Cameroon has opened a probe into recent deadly violence linked to a symbolic declaration of independence in the west African nation's English-speaking region, the defence minister said Friday.

“Apart from the material damage, precise enquiries have been opened by judicial authorities on the toll,” Defence Minister Joseph Beti Assomo said on state radio.

According to an AFP tally, 14 people died in violence ahead of the symbolic October 1 declaration of independence of Ambazonia, the name of the state the separatists want to create.

But Amnesty International said Friday that “at least 500 people remained detained …packed like sardines in overcrowded prisons” after “mass arbitrary arrests” in the anglophone regions, and reported that “more than 20 people were unlawfully shot dead” by security forces.

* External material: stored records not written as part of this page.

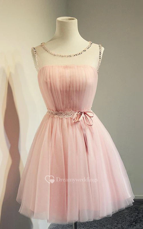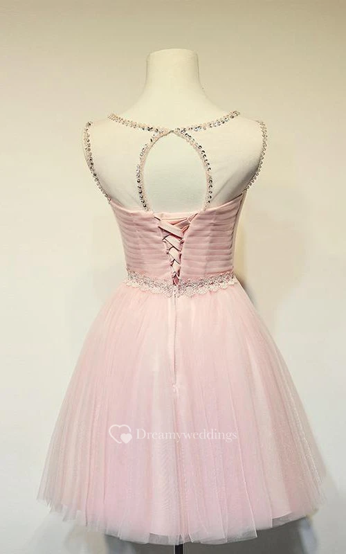 Simple Jeweled Sleeveless Short Tulle Dress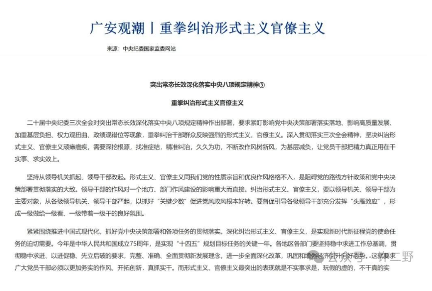 形式主義不是年年講、年年查嗎?今日有何不同?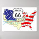 Um poster com um mapa dos Estados Unidos mostrando o caminho da Rota Histórica 66 pela América.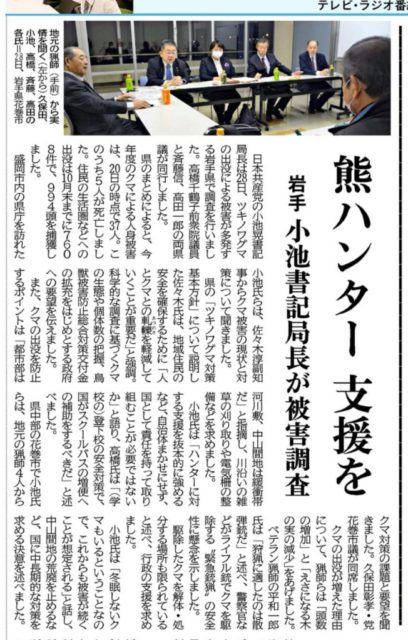 昨日のクマ被害対策調査。#小池晃 書記局長、岩手県議団と.岩手県庁、花巻市のハンター皆さん、盛岡市内で出没の多い商店街、住宅団地の皆さんとの懇談も行いました。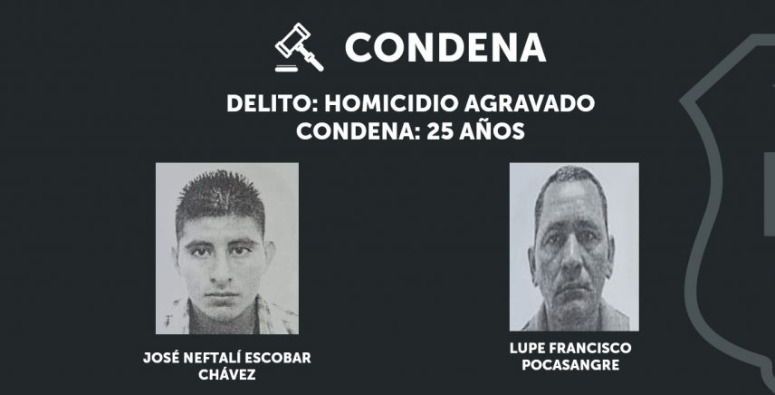 Gracias a las robustas pruebas presentadas por la Fiscalia General de la República (FGR), fue posible hacer justicia y que Lupe Francisco Pocasangre y José Neftalí Escobar Chávez fueron condenados a 25 años de cárcel, por el delito de homicidio agravado.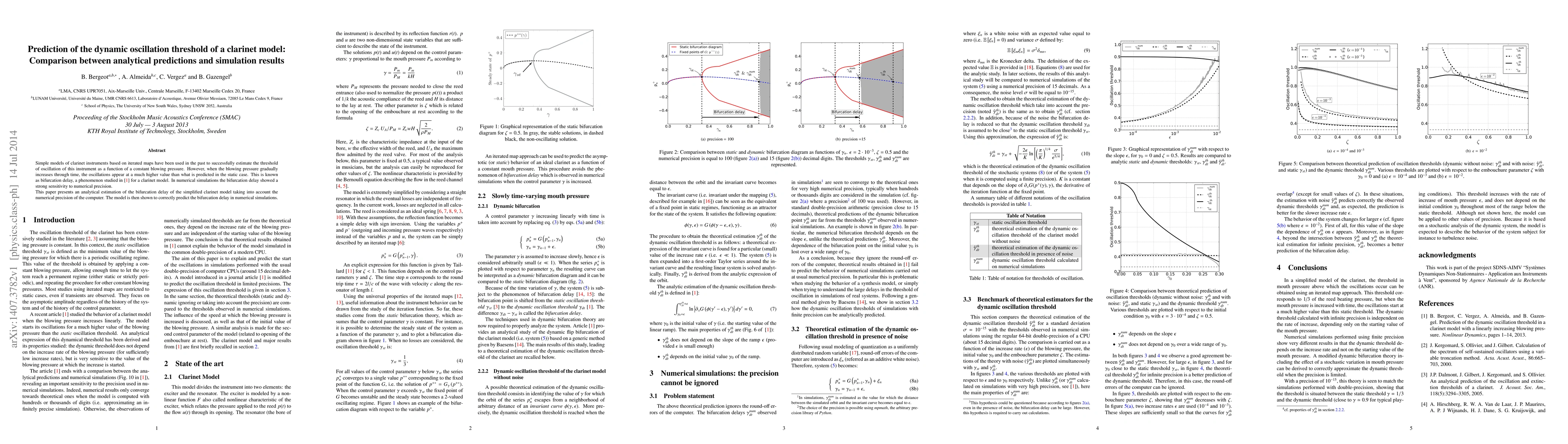 This paper compares analytical predictions of a clarinet's oscillation threshold with simulation results, revealing that dynamic changes in blowing pressure cause a bifurcation delay, where oscillations occur at a higher pressure than static predictions. Numerical simulations show strong sensitivity to precision in predicting this delay.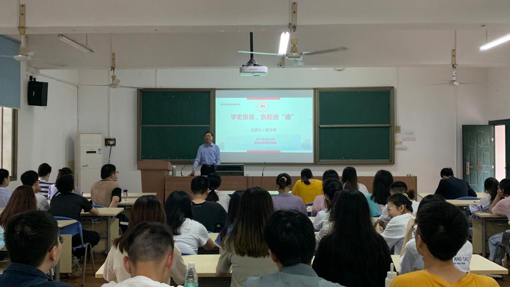 5月13日下午,公司党委书记彭才华在学院227教室为全院教师党员代表、员工党员讲授党史学习教育“学史崇德”专题党课。党课由员工工作办公室郑楠老师主持。
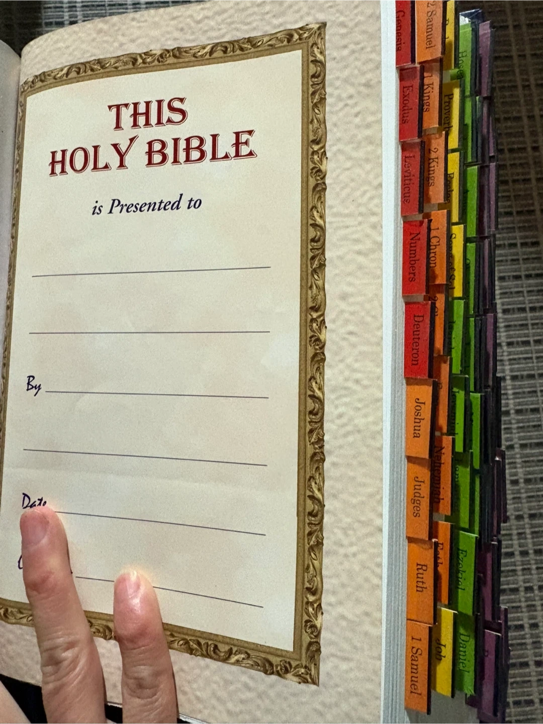 This is an Arabia language Holy Bible presented to someone. It has tabs for different books of the Bible. It also includes maps. Pickup at Morley trail NW

“Security forces including the army ….have also used unnecessary or excessive force when conducting arrests, and have destroyed property and looted belongings,” it said.

Government spokesman Issa Tchiroma Bakary has said 10 people died, and the authorities claim that security forces did not open fire during the demonstrations.

Assomo had on Thursday visited Buea, the main city in the English-speaking southwest region, where he headed a meeting to review security.

“The defence and security forces carried out their task in a responsible manner without losing their cool,” he said.

On Friday, the Social Democratic Front (SDF), the country’s main opposition party, said it would organise a march in Douala, Cameroon’s economic hub, on October 21 in solidarity with the English-speaking regions, and claimed live bullets had been fired.

The march has been authorised by the authorities, AFP confirmed, a rare occurrence in the country, where street demonstrations by opposition and civic groups are systematically prohibited or suppressed.

Cameroon’s anglophone-francophone rift dates back to 1961 when the British-administered Southern Cameroons united with Cameroon after its independence from France in 1960.

English speakers complain they have suffered decades of economic inequality and social injustice at the hands of the French-speaking majority.

Anglophones account for about a fifth of the country’s population of 22 million.